Si algo ha demostrado lo ocurrido el 14 de enero en Túnez y el 11 de febrero en Egipto es que en el mundo árabe ha comenzado a producirse un gran “mutación cívica” que puede acabar un día con las secuelas de lo que ha alimentado las dictaduras: el patriarcalismo social y político, basado en el peso obsesivo del comunitarismo. Esa mutación revela dos revoluciones que están produciéndose en los países árabes y que afectan fundamentalmente a la juventud: la revolución del individuo, que escapa al dictado comunitario, familiar, que afronta su destino en solitario; y una segunda revolución que sería prematuro llamar laica, pero que apuesta inexcusablemente por la separación de lo religioso y de lo político.
Hace años que intelectuales árabes como Mohamed Arkoun, Mohamed Charfi, Fatima Mernissi, Yadh Ben Achour, Mohamed Abed el Jabri y muchos otros vienen clamando por el desarrollo pleno del individualismo como antídoto contra los miedos a la libertad, a la modernidad, impuestos a las sociedades árabes desde el peso de un pasado sacralizado convertido en la gran traba contra el cambio. Los regímenes árabes, convertidos en cancerberos de dicho pasado convertido en modelo, en alianza con el establishment religioso de cada país, han aletargado la conciencia ciudadana no sólo con la represión dominante a través de la censura, del control individualizado a través de sistemas que llegaban hasta el último rincón de cada barrio (la “securitocracia” como la denomina Bassma Kodmani), sino de un sistema educativo que no permitía la emergencia del individuo.

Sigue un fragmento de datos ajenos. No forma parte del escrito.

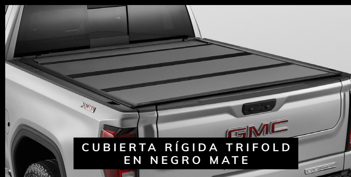
CUBIERTA RÍGIDA TRIFOLD EN NEGRO MATE
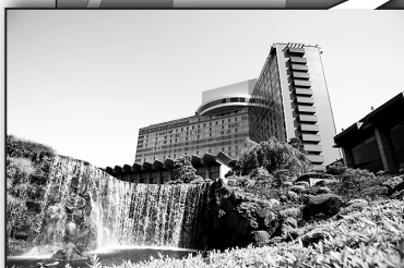
ホテルニューオータニ ザ・メイン

Ha sido el aprendizaje individualizado, abierto a través de las nuevas tecnologías, el hábito del debate y de la discusión libre en la red, sumado a la apertura informativa que ha significado una cadena televisiva como al-Jazeera, lo que ha procurado esa revolución individualista que ha permitido que se esté produciendo esa “mutación cívica”.
La segunda revolución en ciernes es la de la separación de lo religioso y lo político. Es prematuro, por el momento, hablar de laicismo en una sociedad tan impregnada por el discurso islámico, atronada por los altavoces de los almuédanos que comunitarizan cada fase del día. Pero la dimensión religiosa ha quedado marginada en estos procesos o, mejor dicho, relegada también al ámbito de lo personal, del individuo. De ahí la escasa presencia de los partidos religiosos en lo ocurrido en Túnez y en Egipto, que se han incorporado a remolque de los acontecimientos. Si en la Plaza de la Liberación a la hora de la oración musulmanes piadosos cumplían con el precepto religioso, otros no lo realizaban, incluidos los cristianos que en un momento determinado llegaron hasta a oficiar una misa ante la mirada respetuosa de los demás.
Ese principio de respeto mutuo es el germen de lo que puede nacer en ambos países. La “mutación cívica” llegará a culminarse si se concluye en un proceso constituyente, en el que por primera vez en estos países se logre dejar a un lado el islam como religión de Estado. Incluso la constitución de Túnez, país en el que se habían dado pasos hacia la laicidad ya desde Burguiba, el artículo primero establecía el islam como la religión del Estado. ¿Se podrá relegar tal vez el islam al prólogo de las constituciones, con un reconocimiento de su papel histórico en la sociedad o se podrá llegar incluso hasta donde llegó la constitución turca, que en su artículo 24 reconoce que “toda persona tiene derecho a la libertad de conciencia, de religión y convicción”? Ahí reside sin duda la piedra de toque para que lo que ha ocurrido en Túnez y Egipto suponga un punto de no retorno en el camino de la democracia.